-- WHAT YOU WILL DO --
Once you reach the line with "Tronchetti in nylon" in the material below, copy each line exactly up to and including the line with "Guess logosu ve", and skip the pictures.

-- DATASET ENTRIES --
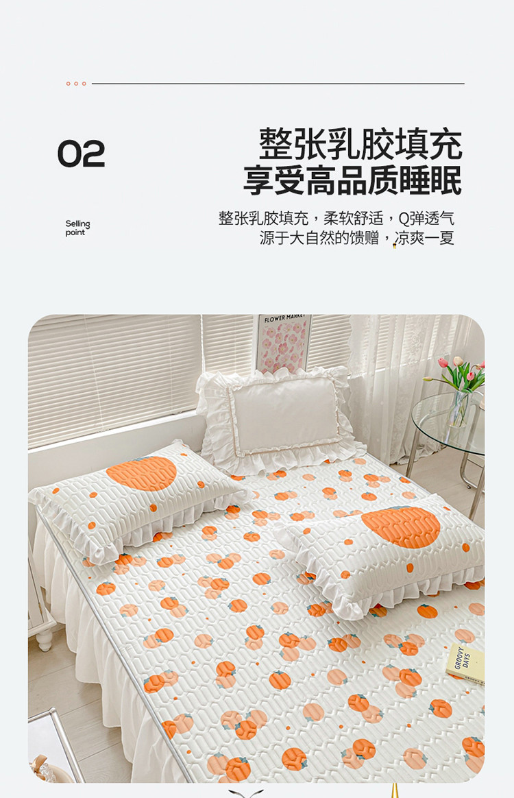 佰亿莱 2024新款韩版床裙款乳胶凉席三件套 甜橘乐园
--
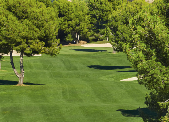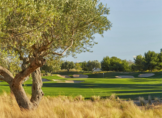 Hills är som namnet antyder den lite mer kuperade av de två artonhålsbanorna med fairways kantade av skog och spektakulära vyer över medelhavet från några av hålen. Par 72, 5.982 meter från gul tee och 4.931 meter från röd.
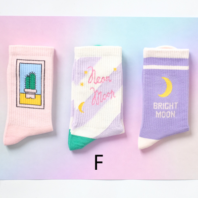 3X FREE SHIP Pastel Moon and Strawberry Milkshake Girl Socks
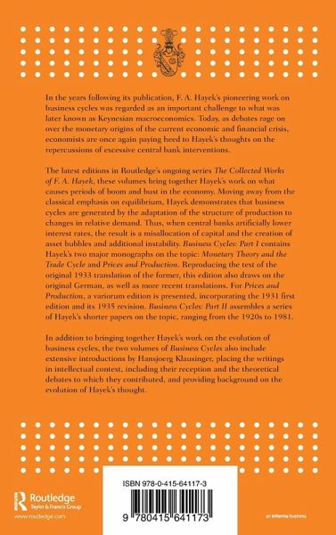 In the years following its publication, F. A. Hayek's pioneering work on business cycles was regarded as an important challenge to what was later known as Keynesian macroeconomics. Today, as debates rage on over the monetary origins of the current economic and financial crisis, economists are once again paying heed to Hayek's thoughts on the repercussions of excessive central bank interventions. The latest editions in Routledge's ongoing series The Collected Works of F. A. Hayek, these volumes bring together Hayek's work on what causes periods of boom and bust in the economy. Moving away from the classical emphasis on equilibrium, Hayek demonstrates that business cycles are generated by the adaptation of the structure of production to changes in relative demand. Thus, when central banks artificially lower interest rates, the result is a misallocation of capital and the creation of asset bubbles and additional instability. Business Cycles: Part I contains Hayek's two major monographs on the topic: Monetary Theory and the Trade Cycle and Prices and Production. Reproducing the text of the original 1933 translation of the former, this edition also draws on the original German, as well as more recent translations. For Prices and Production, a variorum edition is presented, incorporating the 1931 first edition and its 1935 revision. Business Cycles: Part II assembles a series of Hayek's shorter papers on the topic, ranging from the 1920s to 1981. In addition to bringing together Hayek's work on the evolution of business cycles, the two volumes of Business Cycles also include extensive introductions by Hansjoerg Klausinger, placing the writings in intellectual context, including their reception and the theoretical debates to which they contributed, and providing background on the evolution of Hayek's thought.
...
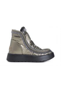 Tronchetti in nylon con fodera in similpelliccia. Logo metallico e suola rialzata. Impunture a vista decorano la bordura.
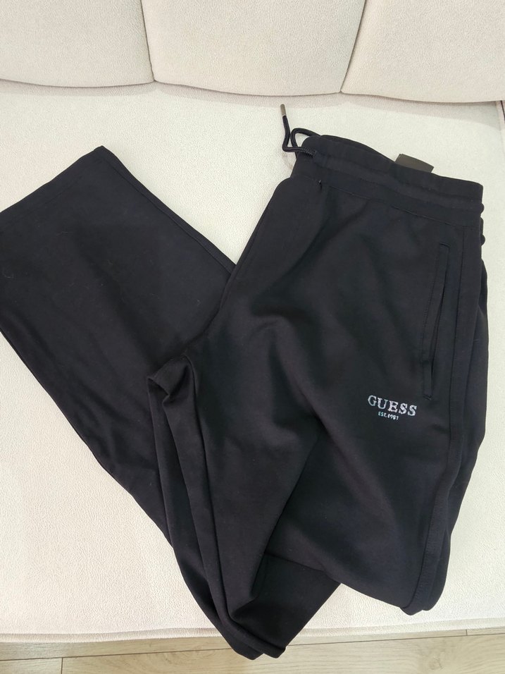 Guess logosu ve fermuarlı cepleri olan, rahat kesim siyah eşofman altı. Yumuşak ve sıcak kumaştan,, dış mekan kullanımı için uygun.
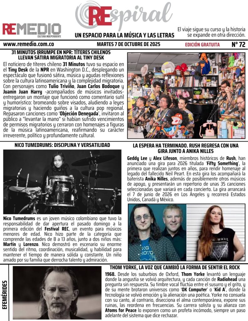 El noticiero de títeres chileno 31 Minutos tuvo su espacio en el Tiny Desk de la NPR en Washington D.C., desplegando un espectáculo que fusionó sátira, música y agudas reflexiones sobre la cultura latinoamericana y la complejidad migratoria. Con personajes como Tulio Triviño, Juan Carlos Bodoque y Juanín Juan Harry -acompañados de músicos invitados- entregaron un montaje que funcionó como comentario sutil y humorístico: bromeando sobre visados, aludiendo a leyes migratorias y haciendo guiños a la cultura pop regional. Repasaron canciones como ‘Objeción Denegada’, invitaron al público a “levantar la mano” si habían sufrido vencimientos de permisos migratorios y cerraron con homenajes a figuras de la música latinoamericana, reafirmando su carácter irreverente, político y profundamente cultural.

-- OUTPUT BELOW --
 Tronchetti in nylon con fodera in similpelliccia. Logo metallico e suola rialzata. Impunture a vista decorano la bordura.
 Guess logosu ve fermuarlı cepleri olan, rahat kesim siyah eşofman altı. Yumuşak ve sıcak kumaştan,, dış mekan kullanımı için uygun.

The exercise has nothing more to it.